Recently, it has been suggested that alterations in the gut microbiome are associated with the incidence and development of MG, and some changes in the abundance of gut microbes may weaken or promote an immune response, suggesting potential diagnostic biomarkers for MG prevention, diagnosis, and treatment [54, 55]. Qiu et al. indicated that in comparison with the healthy cohort, the gut microbiota abundance of bacterial taxa was altered in the MG group, with a sharp decrease in microbial abundance, especially in Clostridium [56]. In addition, in MG patients, microbial dysbiosis was associated with serum levels of inflammatory biomarkers. Moris et al. found that the relative proportions of Verrucomicrobiaceae and Bifidobacteriaceae were lower in MG patients, while Bacteroidetes and Desulfovibrionaceae were increased [57]. However, the causal relationships between intestinal flora and MG have not been studied. Here, it was found that EOMG and general MG have more similar GM biomarkers, indicating that intestinal flora might be crucially involved in the early development of MG, which is conducive to the early diagnosis of MG. Many studies have indicated that Faecalibacterium, Actinobacteria, and Clostridia are related to the occurrence and development of MG, which is verified in this research [57,58,59].
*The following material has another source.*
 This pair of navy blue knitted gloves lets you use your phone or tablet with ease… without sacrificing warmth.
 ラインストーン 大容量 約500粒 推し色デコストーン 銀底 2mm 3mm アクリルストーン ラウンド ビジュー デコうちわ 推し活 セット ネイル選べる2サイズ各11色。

Myasthenia gravis and serum metabolites

In recent years, metabolomic analysis has significantly increased the understanding of MG [60]. Derrick Blackmore et al. identified 5 library-matched unique and 7 putative metabolites, including 2-methylbutyrylglycine, 3-hydroxybenzoic acid, and 3-methoxytyramine [61]. Yonghai Lu used LC-MS combined with multivariate statistical analysis to identify and classify SM associated with MG. Different metabolic profiles were observed at EOMG and LOMG, and 9 biomarkers, including gamma-aminobutyric acid and 1-phosphosphingosine, were identified [62]. This MR analysis identified 486 SM; of these, 10 to 12 metabolites were substantially associated with general MG, EOMG, and LOMG, respectively, in addition to the as-yet-undefined metabolites. Furthermore, kynurenine showed a significant genetic correlation with general MG and LOMG in LDSC analysis, consistent with previous studies [63].

Limitations

This investigation has several limitations. (1) Although subgroup analyses of EOMG and LOMG were performed separately, other MG subgroups, including thymoma- and MUSK-associated MG, antibody-negative generalized MG, LRP4-linked with MG subtypes, and ocular MG, were not analyzed. However, the incidence of these subtypes is very low (2–4%), and they have no available GWAS data. Further analysis of subgroup risk factors can be conducted in the future. (2) Although the selected SNPs indicated a strong association, shared SNPs cannot be considered exact proxies for exposure as they do not adequately clarify the overall variance in complicated traits. (3) Research on other ethnicities should be performed to verify the study conclusions since all the GWAS data was on patients of European ancestry.

Conclusion

In summary, this comprehensive two-sample MR study employed recent instrument variables to support potential CKs, GMs, and SMs markers associated with MG risk, stratified by MG subtypes. Furthermore, this work furnishes evidence on various risk factors associated with MG risk, varying with the timing of MG onset, highlighting the heterogeneity of the disease, which may help identify biomarkers for MG screening and improve understanding of MG occurrence.